Naturally, she also got permission from the boys' parents, some of whom sat in on the photo shoots. She will be surprised if anyone reads anything untoward into the photographs she ahs taken. "But, of course, it's a very fine line between sexualising someone and sensualising them."
The photos do unquestionably show the sensual beauty of the boys. Like crysalids, they are right on the cusp of momentous changes, with facial hair, acne and protruding jaws just around the corner. Dreyfus captures them when they are just leaving the charmed beauty of childhood and the shots highlight the soft curls of one, the wide eyes of another, the gentle slope of the shoulders in a third. Yet they also show the boys' complete unawareness of their beauty and the way they actively try to deny it for fear of being branded a sissy or, even worse, gay.
It's this tension that she brilliantly captures in a picture of Axel and his 15-year-old cousin, Nadav, not included in this series, which recently won the inaugural Olive Cotton Award for photographic portraiture. The two boys stand together with their shirts off and the bands of their undies poking out over their trouser, gangsta-style. But the undies are Bonds, not Calvin Klein, and the arms crossed defiantly over their chests are belied by the puppy fat cushioning the stomachs beneath.
In private, Dreyfus says, her 12-year-old son still loves to be coddled and treated like a baby boy. "But once he's out and about on the street, he's got to be a little man." It's probably not an admission Axel will thank her for and, like his older sister, Felix, 18, he is reluctant to be photographed by his mum.
"For the last five years, I pull out the camera and he runs," she sighs. As a mother, her ulterior motive with this series was simply to get some good shots of him, though she promised he could send the photos to an acting agency so he might be considered for extras work on Home and Away.
Once more, her private life is entwined with her profession. Just as her work on pregnancy grew out of a miscarriage many years ago, so does this project spring from the strength of her love for her son.
"I've been very shocked in my life at the intense love I've felt for both my children, but because he's the younger one it's been transferred to him, and maybe because he's the boy. I'm a Jewish mother! But all the mothers feel it. I can see it. They just adore them. I now know why men get away with so much shit, why they don't wash the bloody dishes or do anything: because they've got these doting mothers!"
Dreyfus, 45, is starting to branch out from photography. She's not planning to give it up - "I can't help myself, I love it" - but she also wants to express her ideas in other media. After teaching photography at the National Art School for 20 years, she has enrolled as a PhD student at the College of Fine Arts in the department of performance, sculpture and installation.
Her topic is surveillance of the body: what lengths people go to to monitor their bodies, and how they do so. Her first major work is a performance piece called Weight and Sea, and asks people to step onto a platform on a boardwalk at Tamarama, then have their weight displayed on a large digital screen above the kiosk.

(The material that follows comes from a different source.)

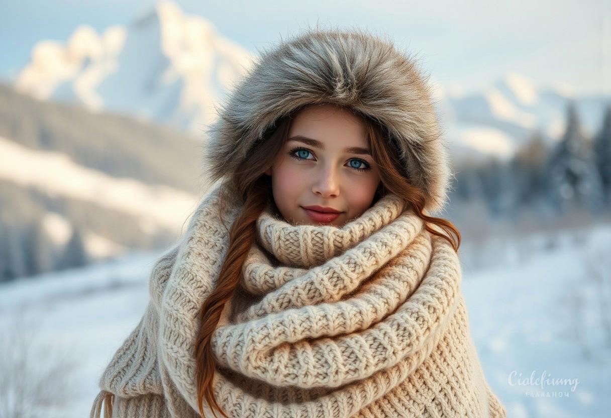 Мечтательный, волшебный образ в стиле Джозефин Уолл, Ивоны Лифшес и Меган Дункансон, изображающий женскую фигуру, стоящую с распущенными длинными волосами на фоне заснеженного зимнего пейзажа. Заснеженные сосны, сосульки, две белые лисицы у ее ног. На заднем плане красивые высокие горы. На ней красивое голубое пальто из шелка и атласа с длинными рукавами. На голове капюшон с меховой подкладкой, из-под которого каскадом ниспадают длинные темные волосы. В руках она держит хрустальное сердечко. Классические черты лица, красивое, безмятежное. Прекрасное небо над ней, в мягких оттенках персикового и розового. Драматичный, романтичный, красивый, мечтательный, величественный. Модификаторы: высокодетализированная элегантная замысловатая красавица-импрессионистка Джозефина Уолл, переливающаяся Ивона Лифшес, Меган Дункансон смешанная техника: акварель, пастель, масло @Morgana Stellaris высокодетализированная, очень детализированная, красивая элегантная замысловатая, идеально пропорциональная структура лица, мечтательный, потусторонний эффект, высокодетализированные анатомически сбалансированные и реалистичные черты, замысловатая элегантная одежда, Очаровательное, волшебное, неземное классическое лицо и черты лица

"The most exciting part for me is watching the public interact, being there to witness it and engage with them about it." With her new projects, she hopes she can skip the two-dimensional representations and get straight to this interaction.
Weight and see will be a hard piece to sell, of course, but then much of her work is. Although her pregnancy series broke attendance records at stills Gallery, she sold only two works from her series on elderly women. "There's not a lot of call for ageing vaginas on the living room wall."
This series, in contrast, should sell well. "I think it's been very hard for artists to stick with working with beauty. A lot of art became grungy in the last 20 years, a sort of anti-beauty." But not these shots. Besides, the boys' mothers will almost certainly buy them.